L’action de la France en faveur de l’Agenda 2030 est pilo­tée, au niveau poli­tique, par un comi­té mul­tiac­teur copré­si­dé par les secré­taires d’État Brune Poir­son et Jean-Bap­tiste Lemoyne, pla­cés res­pec­ti­ve­ment auprès des ministres de la Tran­si­tion éco­lo­gique et soli­daire et de l’Europe et des Affaires étran­gères. L’action de l’administration est coor­don­née par la délé­guée inter­mi­nis­té­rielle au déve­lop­pe­ment durable (DIDD), sous l’autorité du Pre­mier ministre. La DIDD s’appuie à la fois sur les ser­vices du minis­tère de la Tran­si­tion éco­lo­gique et soli­daire et sur le réseau des hauts fonc­tion­naires au déve­lop­pe­ment durable (HFDD) nom­més au sein de chaque ministère.

Pour res­ter effi­cace, le dis­po­si­tif repose éga­le­ment sur une orga­ni­sa­tion ODD par ODD. Des minis­tères pilotes ont ain­si été iden­ti­fiés et char­gés de pilo­ter les tra­vaux pour l’ODD dont ils sont res­pon­sables. Ils ont pour mis­sion de mener les tra­vaux de revue des poli­tiques publiques, d’effectuer une ana­lyse des lacunes (gap ana­ly­sis), d’organiser la concer­ta­tion avec les par­ties pre­nantes et d’assurer le rap­por­tage régu­lier. La gou­ver­nance fran­çaise sur les ODD vise à asso­cier étroi­te­ment les orga­ni­sa­tions de la socié­té civile aux étapes de mise en œuvre. C’est le cas au tra­vers d’instances offi­cielles de concer­ta­tion propres à chaque minis­tère, comme le Conseil natio­nal de la tran­si­tion éco­lo­gique (CNTE), pour le minis­tère en charge de l’Environnement, ou le Conseil natio­nal pour le déve­lop­pe­ment et la soli­da­ri­té inter­na­tio­nale (CNDSI), au sein du minis­tère en charge des Affaires étrangères.

L’Insee assure la coor­di­na­tion des tra­vaux sta­tis­tiques sur les ODD aux niveaux natio­nal et inter­na­tio­nal. Comme encou­ra­gée par l’Agenda 2030, la France a défi­ni un jeu de 98 indi­ca­teurs pour suivre ses pro­grès de manière plus adap­tée à son contexte natio­nal, les 232 indi­ca­teurs du jeu glo­bal onu­sien ayant été pré­vus pour le sui­vi à l’échelle mon­diale.

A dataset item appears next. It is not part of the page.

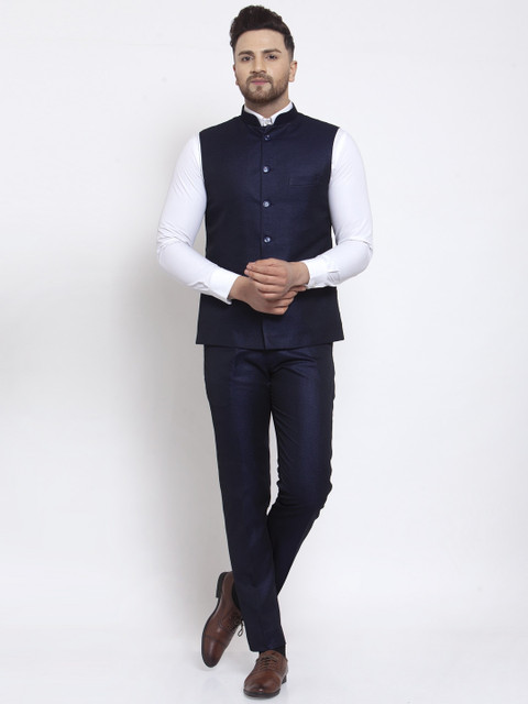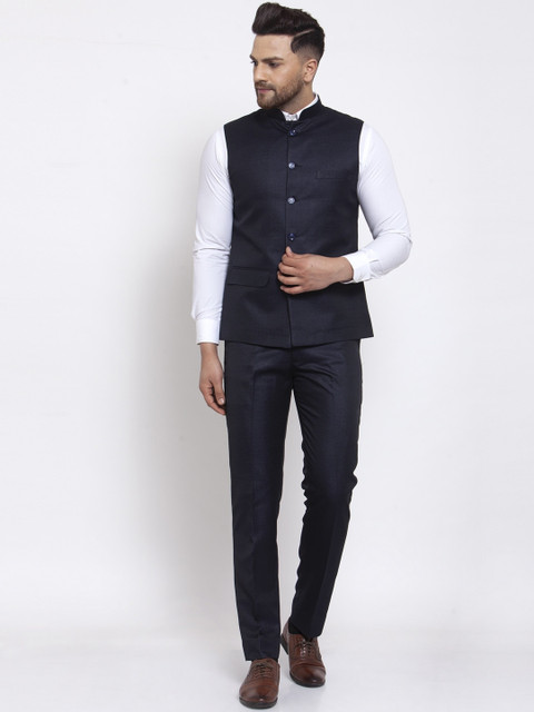 Wintage Men Navy Blue Solid Single-Breasted Bandhgala Formal Two-Piece Suit

Fruit des tra­vaux d’un groupe de tra­vail mul­tiac­teur au sein du Conseil natio­nal de l’information sta­tis­tique (Cnis), ces 98 indi­ca­teurs seront sou­mis à des exa­mens régu­liers pour tenir compte de l’évolution des indi­ca­teurs, des poli­tiques natio­nales et de la future feuille de route Agen­da 2030 française.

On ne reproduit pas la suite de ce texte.